È vero che per allenarsi doveva aspettare che i calciatori del Verona avessero finito? «Sì, loro si allenavano a porte chiuse e non volevano nessuno. Soltanto Ferruccio Valcareggi (ex tecnico di Verona e Nazionale, ndr) ci permise di allenarci contemporaneamente: non davo molto fastidio».
Sarà che ha sposato il suo allenatore Erminio Azzaro ma lei non ha dovuto scegliere, è stata tutto: atleta, moglie e mamma. «Ho fatto sport finché ne ho avuto voglia.

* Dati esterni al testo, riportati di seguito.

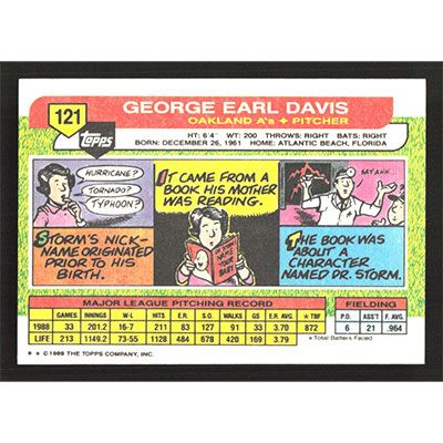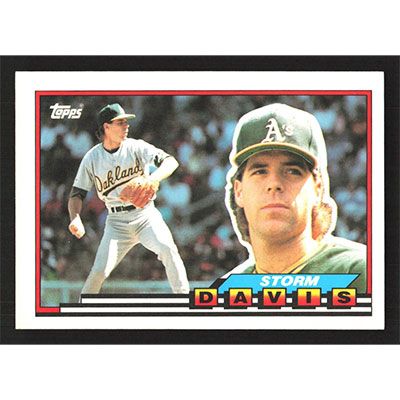 This is a 1989 Topps Big Storm Davis baseball card. The card is #121 and pictures show condition.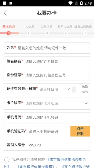 填写所有办卡需要完成的信息即可申请。

Mi sembrava di fare la cosa più importante del mondo, ma ho fatto scelte difficili: non mi piace chiamarli sacrifici, ero io che volevo farli, però non avevo garanzie se non fossero arrivati i risultati».
Sono arrivati i risultati, e con quelli l’immortalità. «Certo, ci ho anche creduto a questa cosa dell’immortalità. Gli dei, la gloria. La prima volta in Grecia sono andata sul Partenone, e anche a Olimpia, ero emozionata. Poi cominciano ad arrivare gli acciacchi e capisci che sei umano come gli altri, con gli stessi identici problemi. Quando scendi dal podio cammini sulla Terra come tutti».
Non è ancora nonna? «No. Ma quando capiterà ne saremo felici. I nonni sono importanti. I primi azzurri che hanno vinto medaglie a Tokyo le hanno dedicate ai nonni: mi ha colpito, è stato un bel segnale dopo un anno e mezzo in cui per paura che si contagiassero i nonni sono stati lasciati ancora più soli».